GEORGIA SUPREME COURT CLARIFIES AN INSURANCE COMPANY’S DUTY TO UNEQUIVOCALLY RESERVE ITS RIGHT TO DENY COVERAGE BEFORE DEFENDING ITS INSURED IN THE UNDERLYING LAWSUIT.

Posted by H. Lee Pruett

Answering certified questions from the U.S. Court of Appeals for the Eleventh Circuit, the Georgia Supreme Court recently ruled that when an insurer enters into a defense of its insured without effectively reserving its right to deny coverage, prejudice to the insured is presumed, and the insurer is estopped from asserting noncoverage. In World Harvest Church, Inc. v. GuideOne Mut. Ins. Co., Case No. S10Q0341 (Ga. S. Ct., May 3, 2010), GuideOne insured the church under a general liability policy.
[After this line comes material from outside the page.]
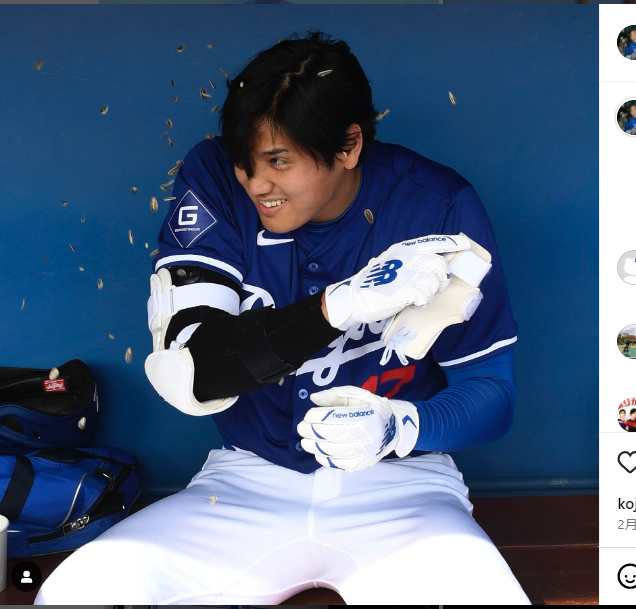 ヒマワリの種を投げつけられている大谷(C)ドジャースの公式カメラマンを務めるジョン・スーフー氏のインスタグラム(@jon.soohoo)より

The Securities and Exchange Commission sued the church for fraudulent transfer and unjust enrichment stemming from donations to the church from two men who had pled guilty to securities fraud. The action was first brought in federal court in Illinois, and a sister company of GuideOne sent a written reservation of rights to the church and ultimately denied coverage. After dismissal of the Illinois action for lack of jurisdiction, the SEC filed suit in the U.S. District Court for the Northern District of Georgia.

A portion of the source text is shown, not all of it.